Turner then presented a certificate of recognition to the Sages, “For your dedication to enrich the lives of Topanga residents.”

It was time for the ribbon-cutting ceremony as Yaroslavsky and the VIP speakers lined up in front of the TCC Sages Room door. On the count of three, Zev cut the white satin ribbon and, thus, the room was officially dedicated.

Canyon Sages—The Canyon Sages (canyonsages.com) is Topanga’s first and only social and service organization designed for Topanga’s older generation. Topanga is a community of more than 10,000 residents, 47 percent of whom are seniors. Until 2009, there was no senior organization and no dedicated senior center.

For more information about Sages activities, scheduled to begin the week of April 1 in the TCC Sages Room: canyonsages.com. To become a Sages member, contact Michele Johnson at (455) 1319. There are no dues.

About the Topanga Community Center—The TCC has been operating for more than 60 years. Ground was broken for the Community House in 1951, and after a decade of fundraising and building, mostly with volunteer labor, the House opened. It has always been a volunteer-run community center,and the centerpiece for activities in Topanga.


Welcome to the Topanga Community Center, friends, guests and volunteers,

We’re delighted to see you here, even those of you who’ve stayed away from us for years


Kelly’s Poem

We are thrilled to have you all join us in this monumental celebration

Of an achievement many said would never get to dedication.


Our House has a long history of being a bit revolutionary

Raising these walls from a festival literally built on a strawberry


That brought us all together to put a roof over our heads

Long before the office, finished kitchen, and line of storage sheds.


Ever since I first walked up this driveway (no, I didn’t drive)

I met the people who worked so hard to help it grow and thrive.


Some are here today, and deserve to be lauded for the contribution

They’ve made to build and establish this Topanga institution


They are the leaders of this house, and accept no pay or compensation

For the work they did and do preparing for the future (or past) generation


If you have ever served on the board here, I’ll ask you to rise and stand

And will you all please join me to give them all a hand


The folks who came before us to establish our club’s mission

Had visions of a thriving House long before this small addition.


And in this month of March, as we mark the achievements of remarkable women

This annex would not be here without them, in my humble opinion. 

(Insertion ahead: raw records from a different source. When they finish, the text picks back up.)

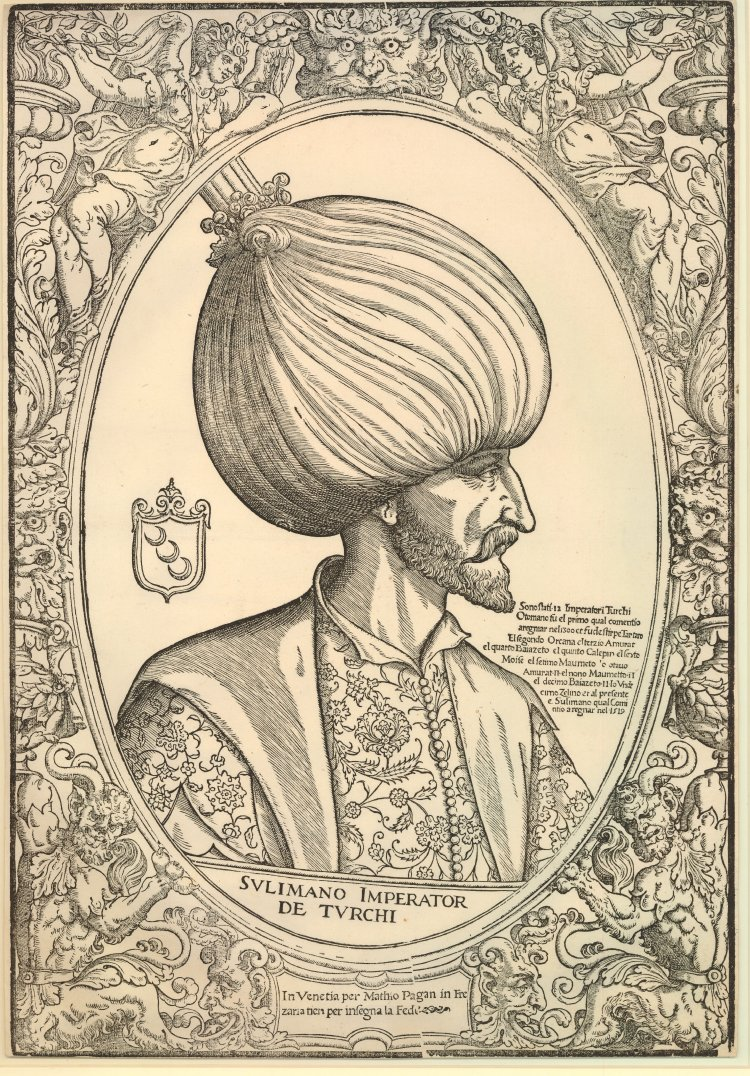 Portrait bust in profile of Suleyman the Magnificent (1494-1566) in an oval in a decorated border with a lion mask and two women. 1540s Woodcut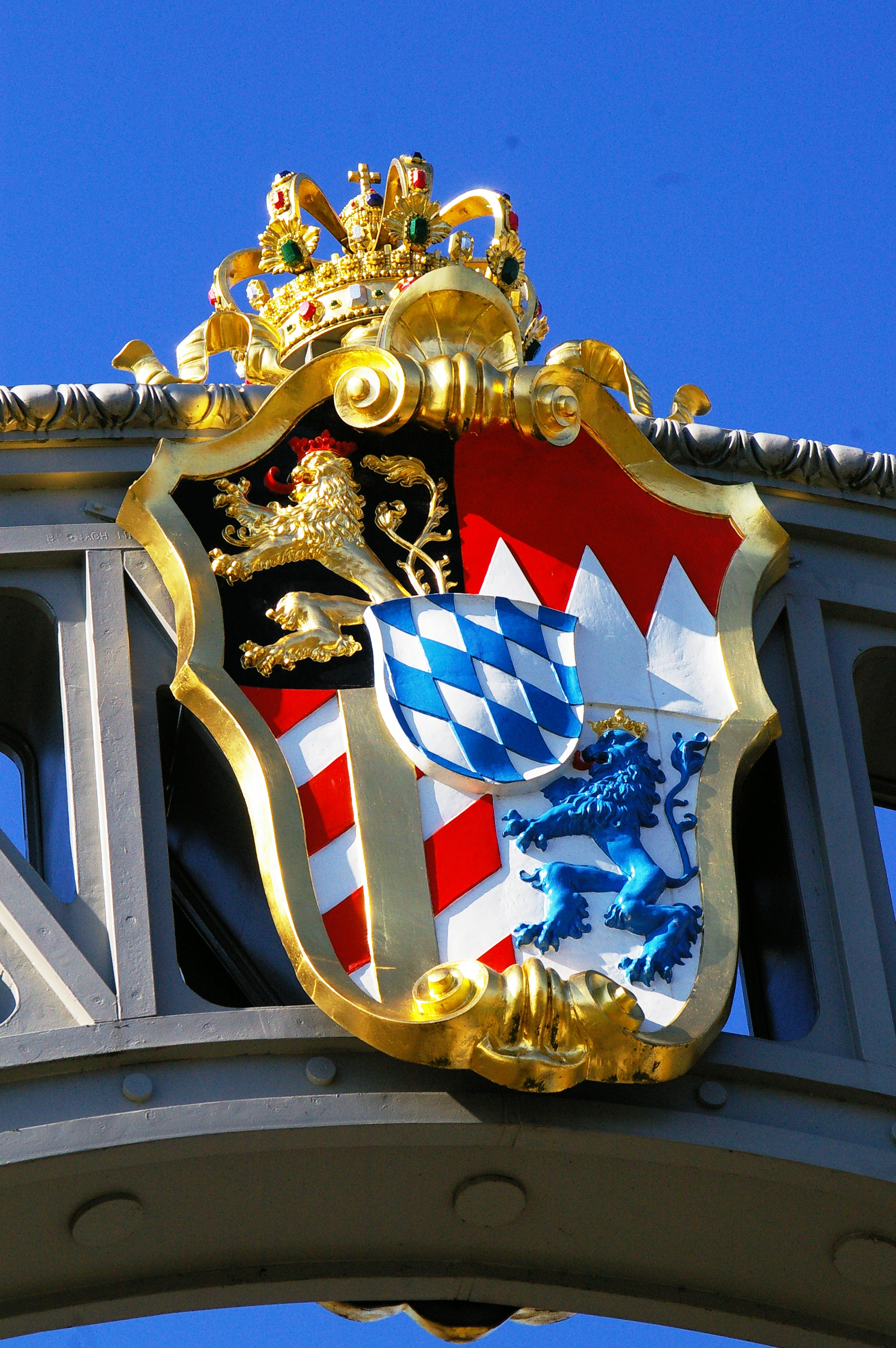 Coat of arm Bavaria Bridge Oberndorf Laufen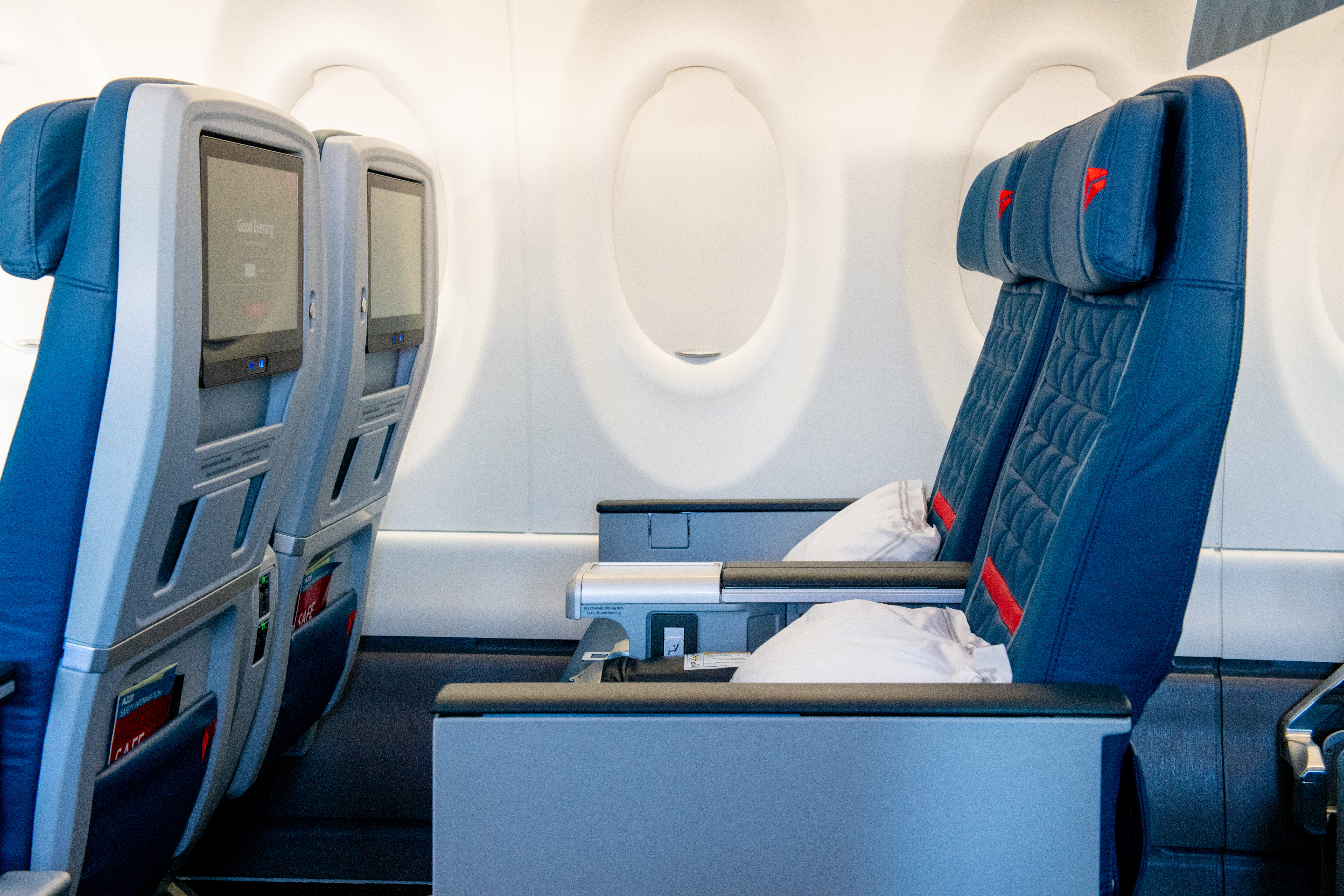 Details are shown on Delta Air Lines first A220 in Atlanta, Georgia at Hartsfield Jackson International airport on Sunday October 28,2018. (Chris Rank/Rank Studios 2018)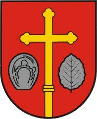 Lichtenau (Westfalen): Holtheim coat of arms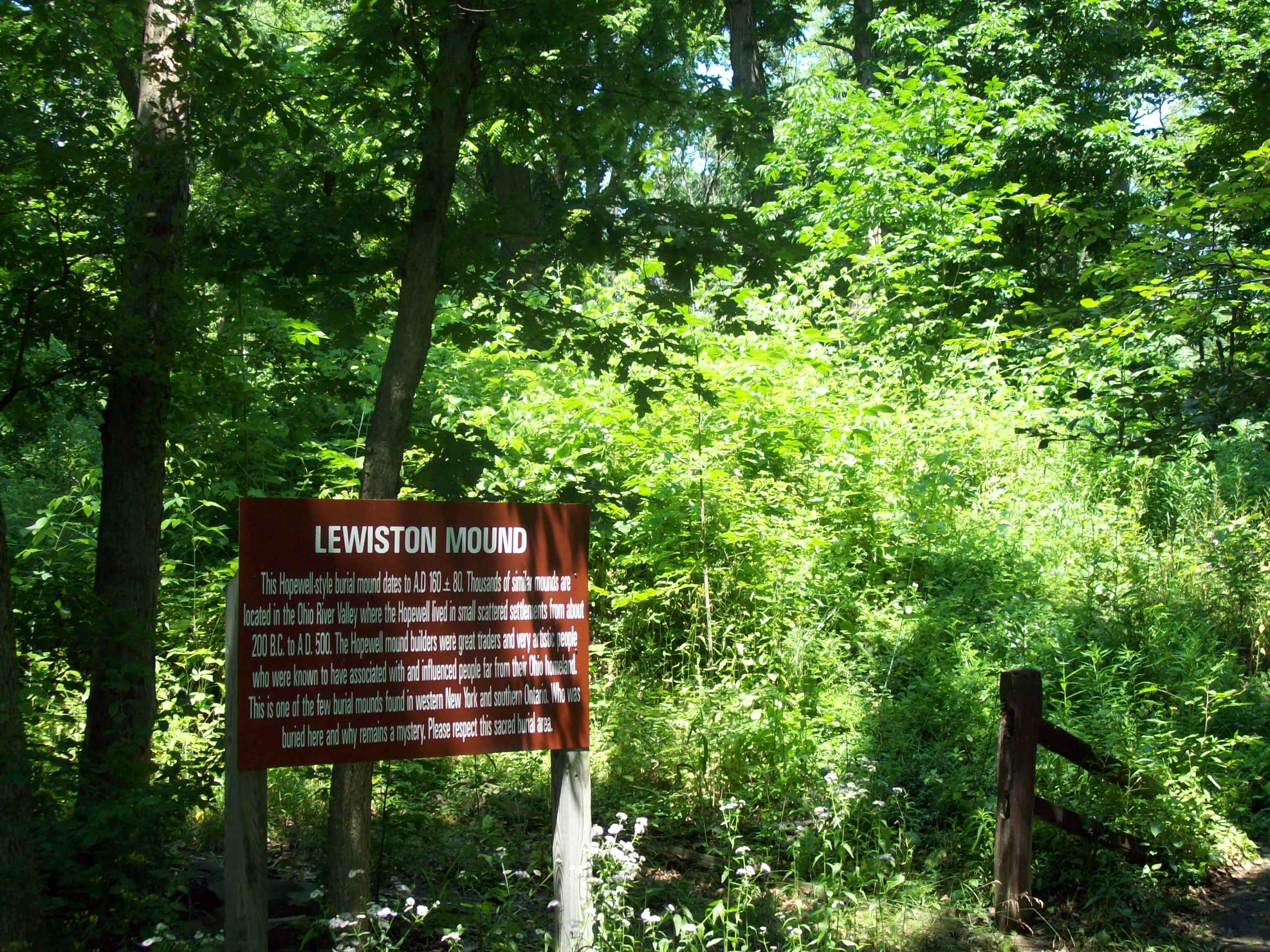 Lewiston Mound, June 2009

Names that are now synonymous with this thriving place and Canyon Sages

You can find so many listed in the latest Mountain Messenger pages


Susan, Karen, Karla, Tam, Lee and Michele

Shelley, Stacy, Dayna, Nonie, and don’t forget Gabrielle


I’d be remiss not to mention one who fought to get this project built,

We owe in large part to our treasurer, the remarkable Franka Diehnelt


Thank you for your dedication, patience and perseverance

Understanding of the process and of course, building code adherence


Progress can be tricky, with many voices weighing in

About sockets, windows, walls and doors or…. table cloth linens


But we made it through and here we are, a new chapter about to start

This beautiful, welcoming open space, truly a work of art.


Now for the rest of the house, can we talk about some plans?

Susan, I know it’d all get done in your able, capable hands


I’ll nod Sound Structures, our donors, friends and supervisors

Thank you for your support and for being huge financial providers


Until we achieve the next big dream, you all know the work here is never done,

So we’ll mark today’s great milestone with a little bit of fun


Thanks for inviting me today have the opportunity

To welcome you all, invite you in and give thanks for this great community!



Flavia Potenza provided additional reporting.


Annemarie Donkin

Annemarie Donkin is a journalist who wrote for The Signal in Valencia, CA and was the Managing Editor for the Topanga Messenger from 2013 to 2016. She is thrilled to write for the Messenger Mountain News to continue the tradition of excellent community newspapers. When she’s not writing, she loves to travel throughout California, read, watch movies and keep bees.